Technical Abstract: Quantitative measurement of gene expression through relative real-time reverse transcription PCR (RT-PCR) has become a leading tool for sensitive determination of changes in mRNA transcript levels for a variety of molecular biology experiments. The methods currently available for analyzing the RT-PCR fluorescence data potentially bias the analyses due to various assumptions which include: i) that amplification efficiency is equal for both reference and target genes, ii) selection of which data points adequately describe the linear portion of a log-linear transformation of a RT-PCR growth curve, iii) there is little experimental variation, and iv) there are no effects due to arbitrary selection of cycle threshold for the analysis. We have developed an approach that does not require these assumptions by using an appropriate level of experimental replication followed by background subtraction of the raw RT-PCR data and fitting of a reparameterized Gompertz exponential growth model to the logarithmic transformation of the data. The SAS/STAT NLMIXED procedure is used to fit the model to the fluorescence data curves and to provide parameter estimates that allow the user to verify that amplification efficiencies for the specific genes are indistinguishable between treatments.
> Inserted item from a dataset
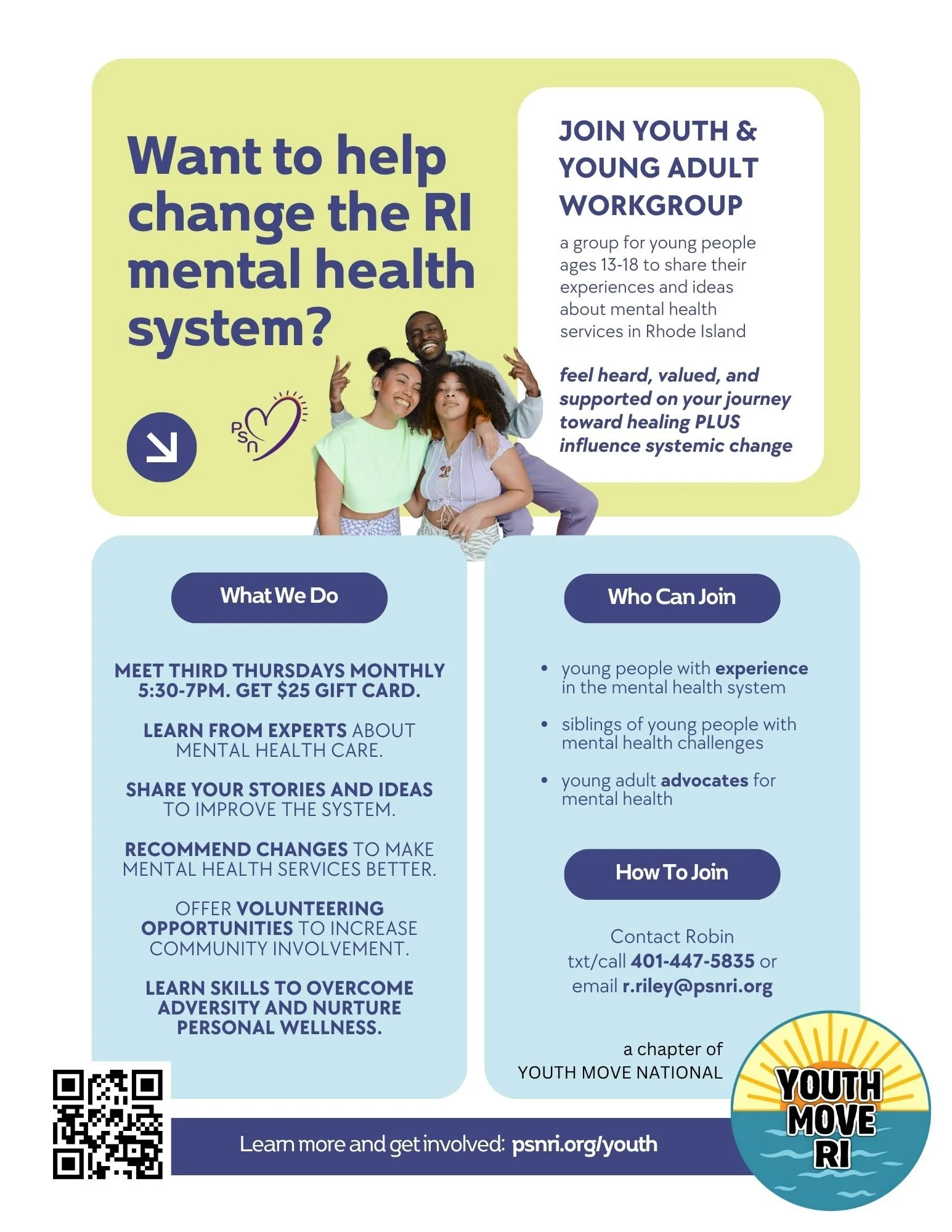 An empowering group for young people ages 13-18 to share their lived experience and ideas on how to improve mental health services in Rhode Island - help change the system!
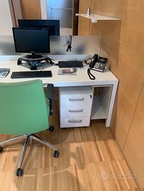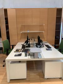 2 scrivamie lunghezza 2 mt marca Estel, complete di 2 cassettiere, 2 porta computer, armadio in legno 4 ante

Checking for indistinguishable amplification efficiencies between treatments provides quality control for the real-time PCR step. Our program code provides the estimate of the relative expression ratio for the target gene along with the 95% confidence interval. To verify our analysis method we used six independent mRNA samples, isolated from Listeria monocytogenes grown in broth, to build a model system whereby the mRNA of a target gene (htrA or pgpH) differed either by 2- or 4-fold, but where the reference gene (rpoB) mRNA concentration remained constant. After reverse transcription and RT-PCR using a fluorescent reporter dye, our method quantitatively detected both the 2- and 4-fold changes in relative expression. This analysis approach is generally applicable, RT-PCR platform independent, and independent of the mRNA source.